GoDaddy said Friday that its network suffered a years-long security breach after unknown attackers stole the company’s source code, customer and employee login credentials, and redirected customers’ websites to malicious sites. You said you were able to install malware.
GoDaddy is one of the world’s largest domain registrars, with approximately 21 million customers and 2022 revenues of approximately $4 billion. In filings with the Securities and Exchange Commission on Thursday, the company said his three major security events, spanning from 2020 to 2022, were carried out by the same intruder.
“Based on our research, these incidents were part of a multi-year campaign by a group of advanced threat actors to install malware on our systems and to compromise some services within GoDaddy, among other things. We believe we have obtained a code to do so,” the company said. said. The filing said an investigation into the company is ongoing.
The most recent event occurred last December, when the attackers gained access to cPanel hosting servers that customers use to host websites hosted by GoDaddy. The attacker then installed malware on the server and “intermittently redirected her website of random customers to a malicious site.”
In a separate statement released Thursday, a company official said, “There is evidence that this incident was carried out by a highly organized group targeting hosting services like GoDaddy, and law enforcement agencies I have also confirmed,” he said. “According to the information we have received, their apparent goal is to infect websites and servers with malware to conduct phishing campaigns, malware distribution, and other malicious activities.”

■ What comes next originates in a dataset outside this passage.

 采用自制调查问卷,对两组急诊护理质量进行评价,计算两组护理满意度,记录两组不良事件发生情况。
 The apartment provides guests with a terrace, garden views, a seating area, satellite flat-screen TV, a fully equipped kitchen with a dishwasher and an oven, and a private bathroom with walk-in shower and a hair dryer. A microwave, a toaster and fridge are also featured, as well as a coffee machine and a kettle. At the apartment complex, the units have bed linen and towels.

In another event in March 2020, the attackers obtained login credentials that allowed access to a “small number” of employee accounts and approximately 28,000 customer hosting accounts. The hosting login credentials did not allow access to the customer’s main girlfriend’s GoDaddy account. The breach was revealed in a notice sent to affected customers in May 2020. The company said Thursday that the Federal Trade Commission is responding to subpoenas related to the incidents he issued in July 2020 and he issued in October 2021.

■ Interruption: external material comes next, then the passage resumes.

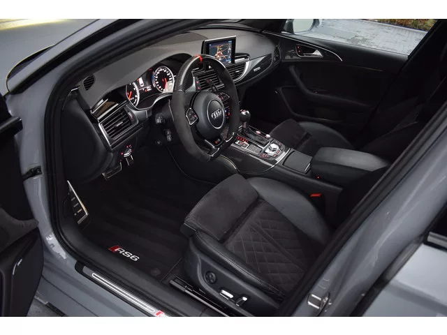 Audi RS6 Avant 4.0 V8 TFSI Quattro 605pk Performance. Uitgevoerd met o.a.: Akrapovič uitlaatsysteem (origineel af fabriek), Dynamic Plus pakket, Keramische remschijven, Zwart glanzend optiekpakket incl. 'Quattro' opschrift in inlaattrechter, Geluidsisolerend glas, Matrix LED koplampen, Lichtmetalen velgen 21", Sportonderstel met variabele demping, Lederen sportstuur met afgevlakte onderzijde, Half lederen / alcantara interieur, Elektrisch verstelbare sportstoelen met geheugenfunctie in bestuurdersstoel, Stoelpanelen met leer bekleed (Audi Exclusive), Alcantara hemelbekleding, Stoelverwarming voor + achter, Keyless entry, Elektrisch bedienbare achterklep, MMI High navigatiesysteem, BOSE soundsysteem, Digitale radio ontvangst, Parkeersensoren voor en achter, Achteruitrijcamera, Adaptieve Climate control, Cruise control, Lane Assist, Side Assist. 8 versn., Automaat; Modeljaar: 2015; 4WD; 445 kW; 750 Nm; 8 cilinders; 3.993cc; Gewicht: 1.925kg; Laadvermogen: 655kg; GVW: 2.580kg; LxBxH:...

GoDaddy discovered another incident in November 2021 in which a threat actor obtained a password that allowed access to the source code of GoDaddy’s Managed WordPress service, which uses a WordPress content management system to streamline the creation and management of customer sites. Did. Since her September of that year, unauthorized third parties have used access to access the WordPress administrator accounts, FTP accounts, and email addresses of her 1.2 million current and inactive managed WordPress customers. I have obtained the login credentials for . GoDaddy disclosed the breach on November 22, 2021.

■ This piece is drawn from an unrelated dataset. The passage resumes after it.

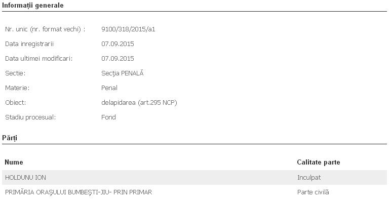 Fostul preşedinte al Asociaţiei de Proprietari nr.6 din Bumbeşti-Jiu, Ion Holdun, a fost cel care până în perioada 2011-2012 a colectat de la locatarii unui bloc din localitate, imobilul având cinci scări şi 100 de apartamente, peste 70.000 de lei, necesari achitării a 20% din investiţia realizată în colaborare şi cu autorităţile locale. De altfel, asociaţia trebuia să suporte doar 20% din investiţie, în timp ce primăria alte 30 de procente. În final, primăria a achitat 50%, asta deoarece banii colectaţi de la asociaţia de proprietari nu au mai ajuns în contul firmei de construcţii care a realizat investiţia. Delapidarea s-a constatat de fapt doar în momentul în care firma a sesizat autorităţile că nu a primit de la asociaţie banii în cauză. “Atunci noi am solicitat comisiei de cenzori a asociaţiei să verifice câţi bani s-au colectat şi de la cine ca să putem constata dacă într-adevăr banii s-au furat. Noi aveam deja semnale în acest sens, mai mulţi proprietari prezentându-ne chitanţe în care se arăta că au plătit suma separată pentru investiţia la bloc. După verificarea comisiei am avut date certe că delapidarea s-a produs, dar şi că Ion Holdunu consumase treptat într-un an de zile banii locatarilor pentru reabilitarea termică a blocului. Comisia de cenzori a asociaţiei l-a destituit pe Holdunu din funcţie şi a înaintat constatările verificării făcute organelor de anchetă”, transmite primarul localităţii, Constantin Bobaru.

Over the years, security lapses and vulnerabilities have resulted in a series of questionable events involving the vast number of sites hosted by GoDaddy. For example, in 2019, a misconfiguration of GoDaddy’s domain name system services led to hackers hijacking a number of his websites owned by his Expedia, Yelp, Mozilla, etc., and using them to destroy buildings and I was able to release a ransom note threatening to blow up the school. A vulnerability in DNS exploited by hackers came to light three years ago.
Also in 2019, research campaigns using hundreds of compromised GoDaddy customer accounts to create 15,000 websites and publish spam promoting weight loss products and other products promising miraculous results person discovered.